Nemesis wears tights, a cape, and a mask, but he’s not a superhero. No, he’s the world’s first supervillain, a notorious psychopath who’s left a trail of dead cops all across Asia. He revels in their deaths, staging elaborate disasters apparently just to display his contempt for the law. The first cop we witness him murder is a Japanese inspector; he takes the inspector hostage and ties him to a chair, sends the inspector’s team to the wrong address just to blow them up, then lets the inspector get hit by a train, all before gleefully watching the train careen over the track demolished by the previous explosion.
In the very next scene, we meet our supposed hero, Washington, D.C. Police Chief Blake Morrow.
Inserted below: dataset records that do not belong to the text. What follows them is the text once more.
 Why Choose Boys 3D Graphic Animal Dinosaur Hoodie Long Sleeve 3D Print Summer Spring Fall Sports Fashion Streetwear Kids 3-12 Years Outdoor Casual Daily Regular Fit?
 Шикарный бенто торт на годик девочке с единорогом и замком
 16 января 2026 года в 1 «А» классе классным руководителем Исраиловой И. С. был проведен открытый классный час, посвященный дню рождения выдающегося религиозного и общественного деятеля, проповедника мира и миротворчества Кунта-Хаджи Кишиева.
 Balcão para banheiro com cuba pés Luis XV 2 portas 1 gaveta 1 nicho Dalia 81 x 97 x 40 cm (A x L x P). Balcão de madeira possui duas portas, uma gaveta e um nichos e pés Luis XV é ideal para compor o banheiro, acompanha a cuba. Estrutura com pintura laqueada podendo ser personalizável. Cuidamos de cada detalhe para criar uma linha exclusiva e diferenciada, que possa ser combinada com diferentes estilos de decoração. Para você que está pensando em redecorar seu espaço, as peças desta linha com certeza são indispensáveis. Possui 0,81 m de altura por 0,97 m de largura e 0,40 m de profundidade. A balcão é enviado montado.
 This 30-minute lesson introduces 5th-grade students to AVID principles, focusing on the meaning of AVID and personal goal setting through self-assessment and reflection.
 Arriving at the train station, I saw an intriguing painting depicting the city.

Before we even see him, we see his bullets piercing the brains, necks, and stomachs of several convenience store robbers, blood splashing everywhere. When we do see him–a cross between Daniel Craig and Harrison Ford–he’s holding a smoking gun, smirking at the frightened bystanders: “Take it easy, people. Everything’s fine. As soon as you’re ready we’ll head outside where I’ve got a team of stress counsellors on standby.” It’s like a fucking NRA ad; that thing in his hands may as well have been ripped from Rob Liefeld’s dark hallway of a mind.
That’s heroism? Sneaking in through the backdoor and blasting apart some thugs without even trying to negotiate? Seems to me if a cop, let alone a police chief, took the “annihilate first, ask questions later” approach, they’d be reprimanded. Even Dirty Harry–who followed the law a lot more than our Chief Morrow here–was repeatedly threatened with his badge being taken away. I’ve watched every single episode of The Shield, and not even Vic Mackey pulled shit like that. Yet Chief Morrow is looked upon as the shining beacon of American justice. On his way to play baccarat with a group of intellectuals, he is informed that he has become Nemesis’ next target. That’s how “lawful” he is.
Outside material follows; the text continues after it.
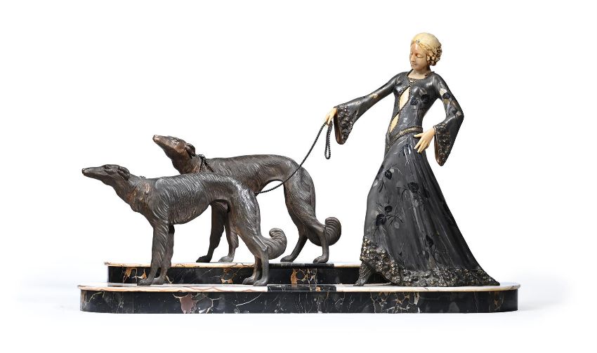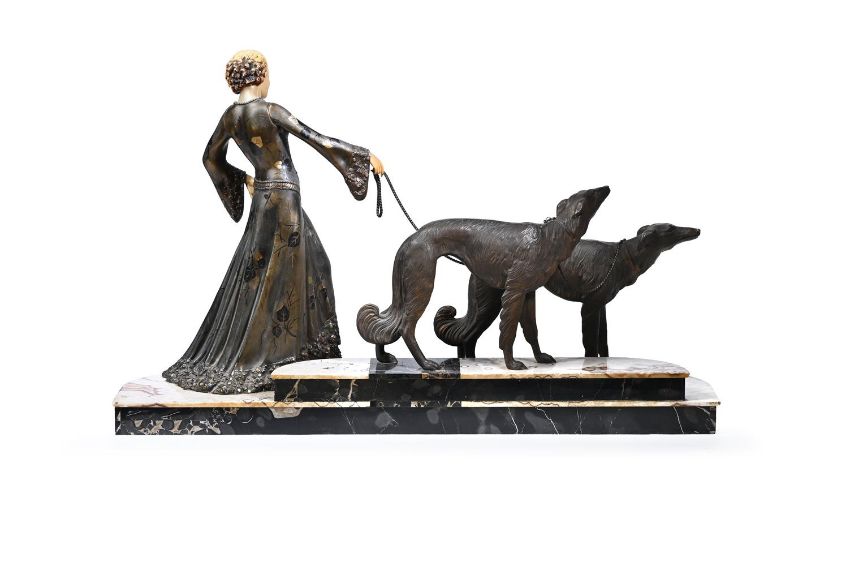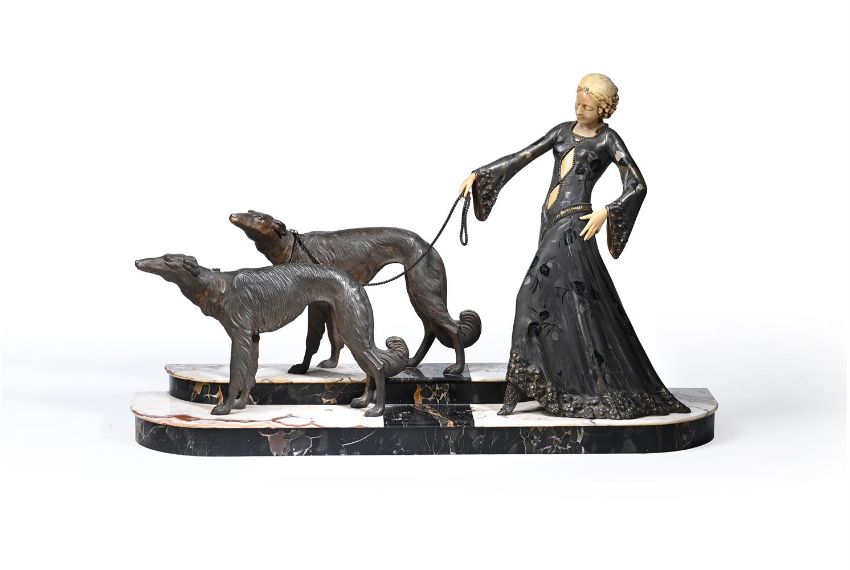 GEORGES GORI (FRENCH, 1894-1944) A LARGE ART DECO STUDY OF A LADY WITH TWO BORZOIS, CIRCA 1930 Cold-painted and patinated art metal, ivorine, marble Inscribed 'G.Gori' to base 50.5cm high, 81cm wide, 20.5cm deep Saleroom notice: Please note that the catalogue description has been updated from G Gori to Georges Gori (French, 1894-1944). This is correct online. Condition Report: With minor wear, marks, knocks and scratches commensurate with age and use. Some tiny old chips/losses to the marble (mainly to the reverse of the bases, some old small splits to the ivorine. Some surface deposits to the marble. Of substantial weight.    Condition Report Disclaimer

There is something very wrong with this story. In trying to understand why a brainwashed eleven-year-old girl hacking and slashing her way through coke dealers was acceptable to me in Kick-Ass and yet one responsible adult shooting some robbers in Nemesis isn’t, I think I began to feel what Roger Ebert felt about the film version of Kick-Ass (which I liked). This book left me empty. I saw no displays of heroism, no one worth caring about. Just violence. Hollow, glorified violence. Like I’ve said, there’s a deeper message at the heart of Kick-Ass. There is even an emotional pay-off for Hit Girl that makes her the most human character in the series. But Nemesis and Chief Morrow are just archetypal shells spilling cheap blood; Millar’s joy at spilling said blood is palpable.
It is very possible that there is some deeper message at work in Nemesis, and it would be unfair to think that its first issue would spell it out. But this first issue is deeply unpleasant. I was not entertained. I was not thrilled. I was not disgusted. I felt nothing. This is far from the worst comic book I have ever read–hello, Ultimatum–but I can find nothing to recommend it, not even Steve McNiven’s art, which is detailed and well-formed yet ultimately lifeless. I might give this series another issue to reveal more of what it’s about, to see if there is actually a point to it besides shock value. I will not, however, be paying for it.